In cases where the EUS is abnormal and the ERCP is normal, we generally repeat the EUS every 6-12 months based on the degree of abnormality at EUS and whether the patient is symptomatic or not. Patients who appear to be progressing symptomatically or on EUS (increase or extension of echogenic foci or nodules, and/or development of discrete masses) would require another ERCP.
The last step in the work-up is a spiral CT scan. Our experience with other patients with pancreatic precancer has indicated that the CT scan of pancreas is usually normal in appearance. The role of pancreatic biopsy performed at CT, endoscopy, or EUS has not been studied.
The goal for management of these patients is to diagnose them prior to the development of cancer, when they have precancer or dysplasia, and to perform a complete pancreatectomy. Timing is of vital importance for determining when a patient warrants surgery; if the patient is diagnosed too late, he or she dies of pancreatic cancer. It is vital to know the histologic diagnosis of the patient before considering major surgical options. High risk patients who have an abnormal endoscopic ultrasound and abnormal pancreatic ducts on ERCP, may warrant a tissue diagnosis to confirm that precancerous changes are present in the pancreas. This can be done by using a laparoscope to obtain a sample of the pancreas for histologic evaluation. If carcinoma-in-situ is present (also called PanIN III or high grade dysplasia) a consideration for total pancreatectomy is discussed with the patient. If performed too early, the patient is put through a major operation and he or she will be diabetic. At the operation, the entire pancreas is removed because the precancerous changes can involve the whole organ--any pancreas that is left behind can potentially develop cancer.

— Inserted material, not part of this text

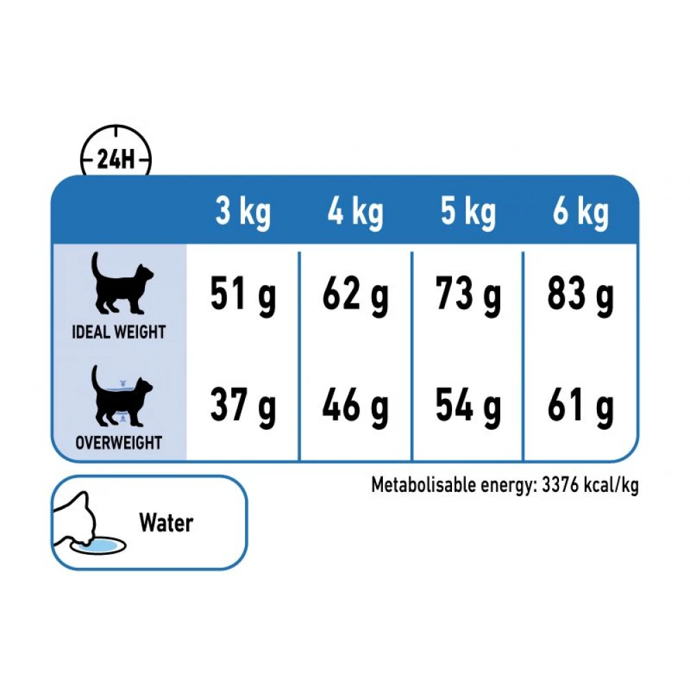 Η Royal Canin Light Weight Care μπορεί με την ειδική σύνθεσή της να βοηθήσει τη γάτα σας να χάσει βάρος. Η κατανάλωση μόνο αυτής της τροφής έχει αποδειχθεί ότι μειώνει την πρόσληψη θερμίδων κατά 17%. Η υψηλή περιεκτικότητα σε πρωτεΐνες και η χαμηλή περιεκτικότητα σε λιπαρά μπορεί επίσης να συμβάλλει στη μείωση του βάρους και παράλληλα στη διατήρηση της μυϊκής μάζας. Οι φυσικές ίνες και το ψύλλιο μπορούν επίσης να αυξήσουν το αίσθημα κορεσμού της γάτας σας και έτσι να μειώσουν με φυσικό τρόπο την αυθόρμητη πρόσληψη τροφής.

We have now cared for 75 patients who have a strong family history of pancreatic cancer. Fifteen patients have undergone pancreatectomy because of abnormal findings at endoscopic ultrasound and ERCP and because they have evidence of precancer in a tissue sample of the pancreas. All of these patients had precancerous changes throughout the pancreas on histology. Most patients have done fairly well after surgery; all patients have developed diabetes that requires insulin injections and monitoring of blood glucose. Patients must also take enzyme tablets when they eat, so that their food is digested. None of the patients who underwent pancreatectomy, or has been followed using the surveillance program, has developed pancreatic cancer. An essential ingredient to a good patient outcome is a team approach to these patients, using experienced gastroenterologists, surgeons, and pathologists who have expertise and interest in pancreatic disease.